One of my crank theories is that some people have gotten to associate professor through generating enough sheer panic to make it past the crunch points. But that doesn’t mean the solution for either associate professors or people who want to mentor them is to panic them. (I’ve had full professors tell me that the reason that associates can’t publish is that they aren’t panicked enough—a sweet example of how Strict Father Morality is a pond into which supposedly lefty academics dip their toes from time to time). People who let panic take the wheel seem to think that people should spend their entire career in a panic in order to produce enough.
A lot of “stalled” associate professors are people who have been given that advice, and told that narrative, and have said, “Fuck that shit.”
And so they should. So should we all. It makes sense to reject a toxic narrative about productivity.
If you’ve never developed a long-term sustainable work practice—if your only method of motivating yourself to write is to be in a white-hot panic about your situation (and it appears that the only other method is to be an asshole narcissist) then the decision to remain a permanent associate professor seems not only sensible, but compassionate to the people in your life.
The problem isn’t that associate professors are insufficiently panicked—the problem is that far too many people promote a writing process dependent on panic and valorize a toxic narrative about success.

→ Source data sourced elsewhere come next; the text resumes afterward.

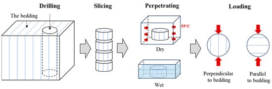 The tensile strength–saturation curves of the samples prepared using three different strategies under parallel and perpendicular bedding loading modes are shown in Figure 3.
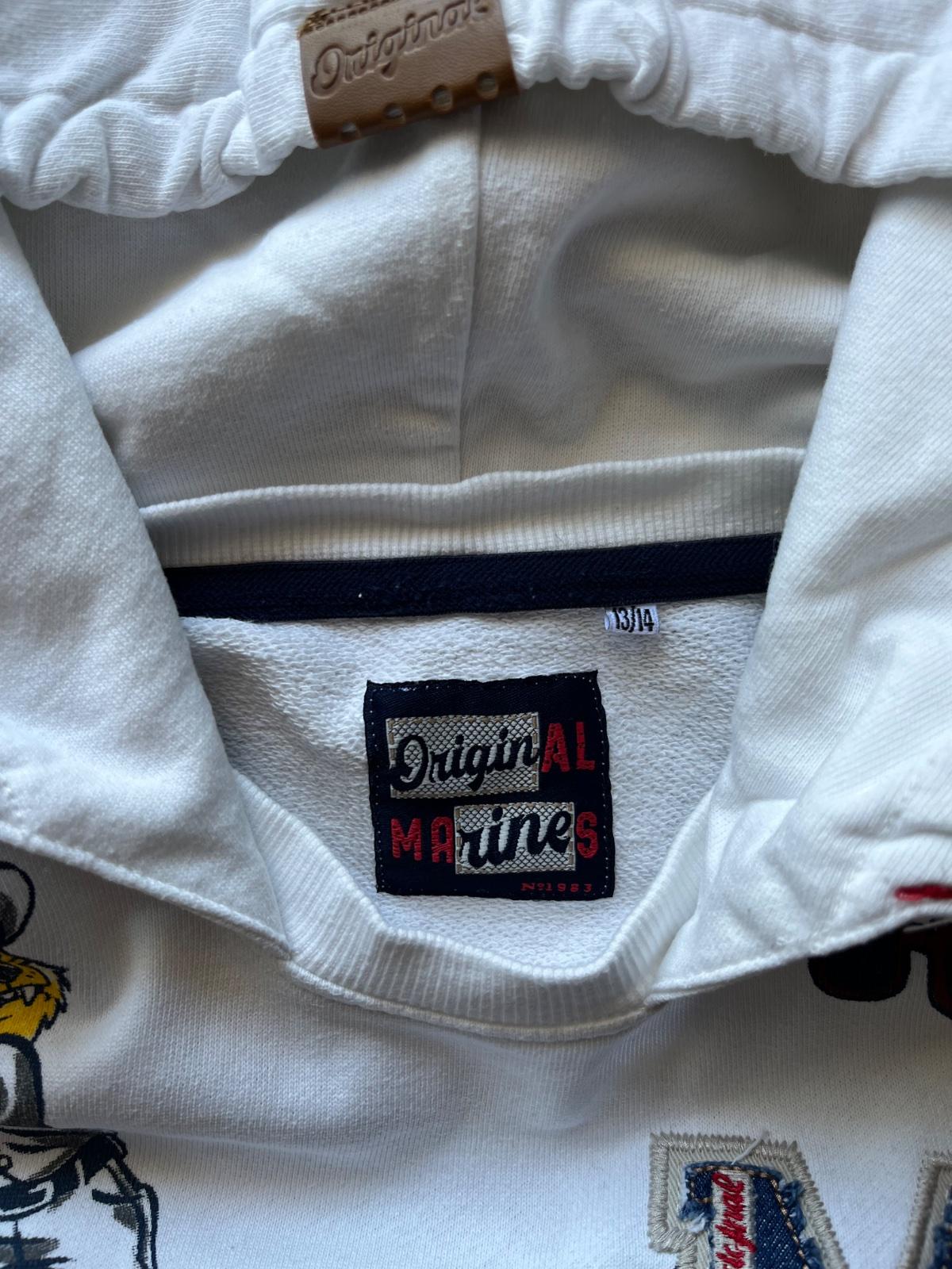 Predam 1x oblečenú bavlnenu mikinu Original Marines, uvedena velkost 13/14 (zodpoveda na cca 12 rokov max.), super stav, kapucna podsita bavlnenym upletom. Zadna dlzka od krku 57 cm, sirka pod pazuchami 47 cm, dlzka rukava od krku 63 cm. BA - Ruzinov.
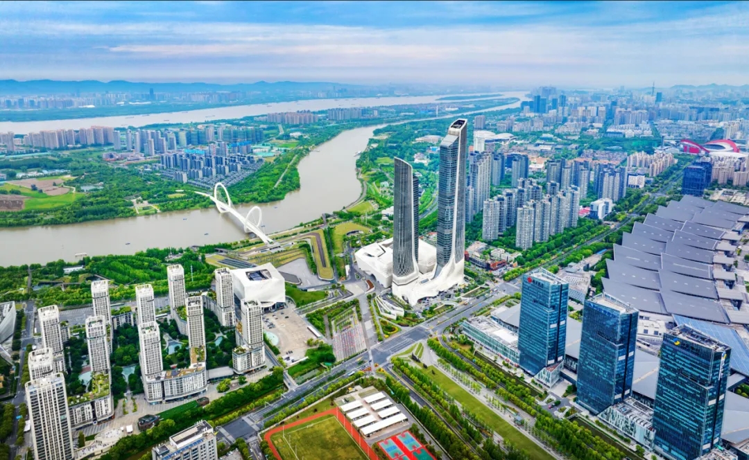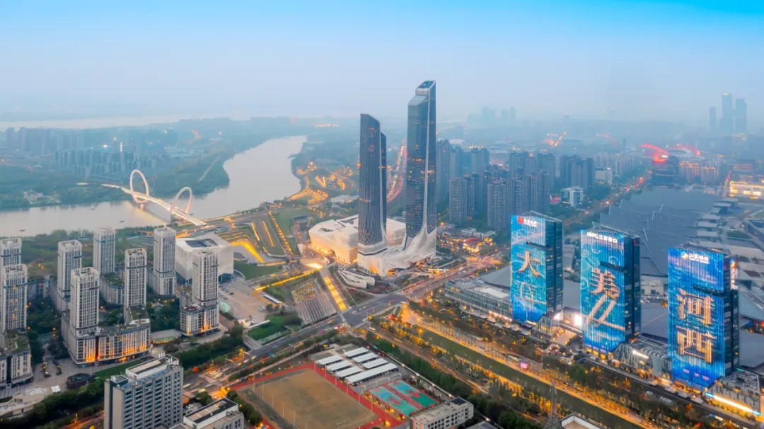 谷文俊《俯瞰河西》、顾 涛《滨江掠影》、胡程阳《再见2023》
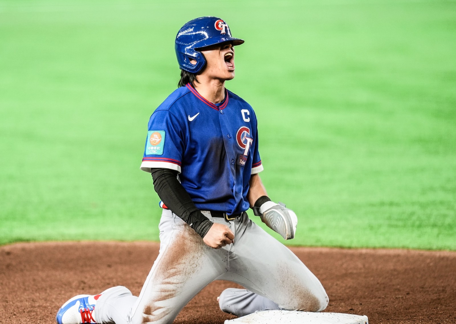 WBC台韓大戰延長賽,手指骨裂的「台灣隊長」陳傑憲上場代跑,跑回超前分。統一7-ELEVEn獅提供
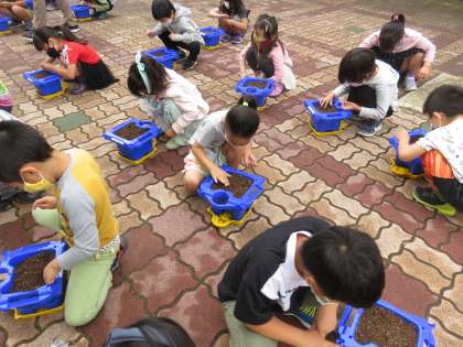 子どもたちが楽しみにしていた,あさがおの種を植えました。
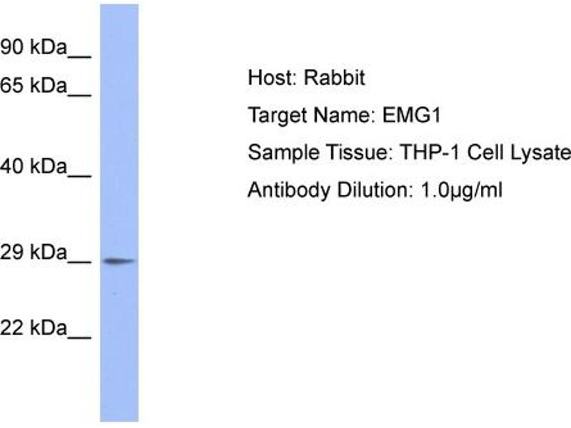 - This is a rabbit polyclonal antibody against EMG1. It was validated on Western Blot.
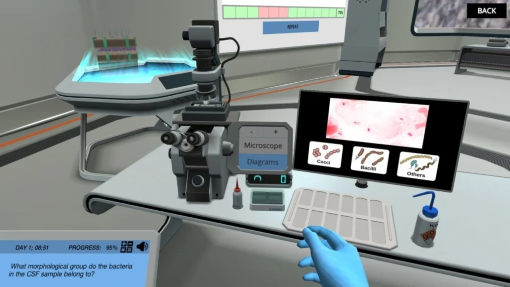 - Medicina: Los estudiantes practican procedimientos quirúrgicos complejos en entornos virtuales seguros, lo que reduce riesgos y aumenta la confianza. La retención del conocimiento mejora en un 25% frente a métodos tradicionales.
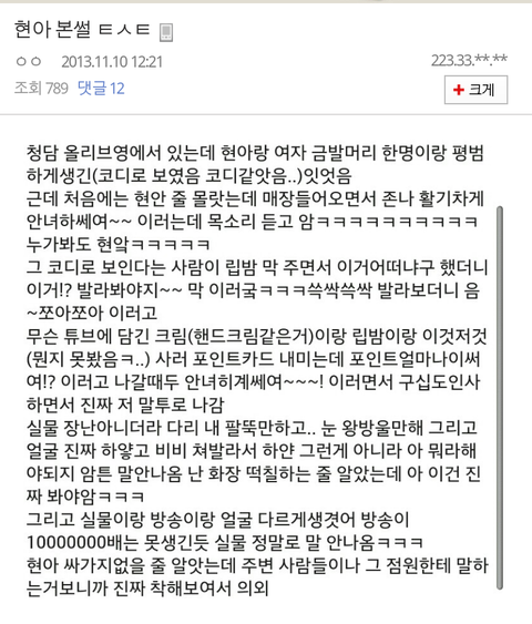 아 옷이 현아를 입은건지 현아가 옷을 입은건지...ㅋㅋㅋㅋㅋㅋ
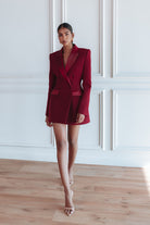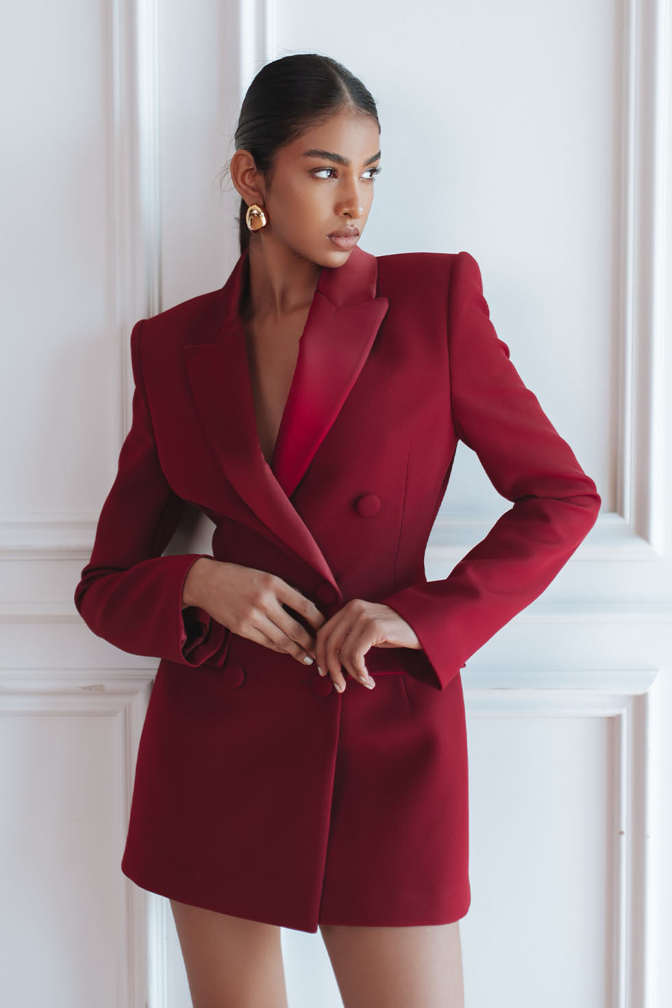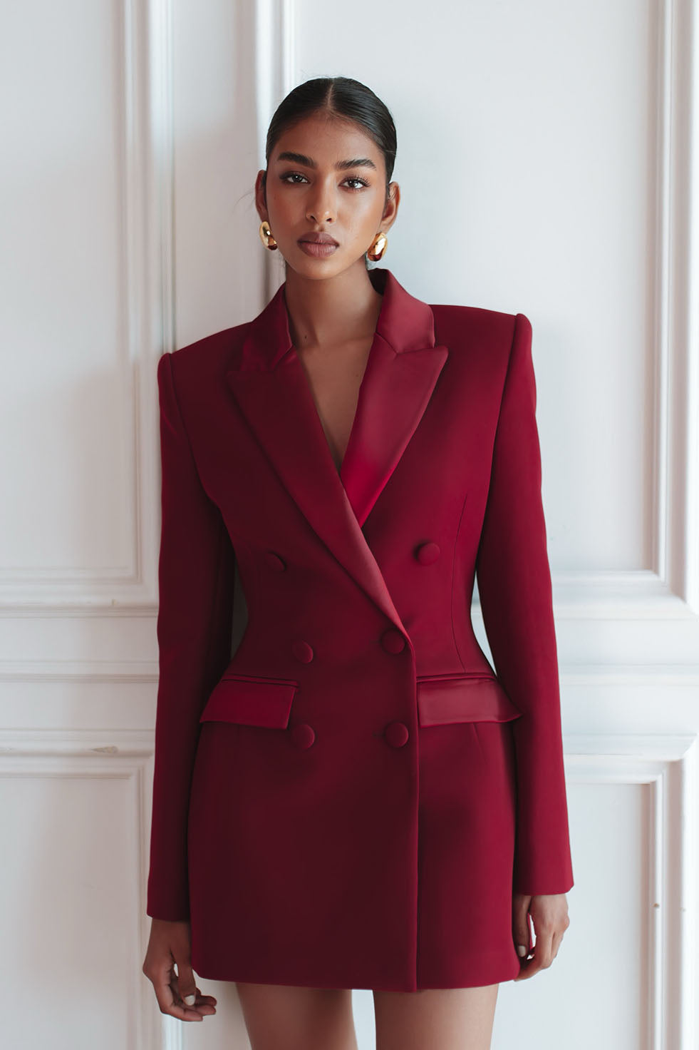 Turn heads in the Amara Tuxedo Blazer Mini Dress in Burgundy — a statement piece designed for modern evening dressing. Cut from luxurious crepe, this tailored mini features a rich burgundy hue, satin-finish lapels, and strong sculpted shoulders for a powerful, feminine silhouette. The double-breasted front and defined waist create a flattering hourglass shape that feels both sharp and sophisticated.

Once you get tenure, you get committee assignments. It looks different from the challenges of being assistant, but it really isn’t—you still have to figure out what scholarly projects to pursue, what committee assignments to take, what new classes to develop. The difference is one I have a hard time describing. Despite academics’ reputations for being lefty, far too many academics (including several department chairs I’ve known) have thoroughly embraced the neoliberal narrative of what it means to be a good worker—you throw yourself on the pyre of your own career to meet the standards of “good work” of your institution. You live and breathe in a world of panic, 60-hour work weeks, and self-congratulation for having no boundaries about work.
There is another option. It’s about creating a sustainable relationship to work.
And the first step in that creation of a sustainable relationship to work is stepping away from a writing process that relies on panic. A responsible graduate program would ensure that first step happens in graduate school, but we aren’t in that world (although there are many graduate advisors who are trying to do exactly that).
The best way to respond to imposter syndrome is to stop approaching every step in the writing and publication process as the moment we might be exposed to the world, but to be comfortable with writing shitty stuff, submitting things that someone might slam, and to know that we will never reach a point in our career when we are not being told that what we wrote is shitty by someone. And they may be right. So?
That response involves a lot of possible moves— most of them involve abandoning thinking about each publication process as risking everything, and they mean working because you want the outcomes the work will get, you’re interested in the crafting of the work, you want others to know about these insights you have. It also involves breaking the writing process into at least three different kinds of work that don’t happen all at once—creating, critiquing, revising. It involves walking away from perfectionism. It involves rejecting (and getting help rejecting) toxic narratives about how much we should be working; it involves finding allies and mentors. It doesn’t necessitate giving up on scholarship, although that might be a viable and joyful choice (some people decide they really love administration, for instance), and it certainly doesn’t necessitate living life in a state of panic.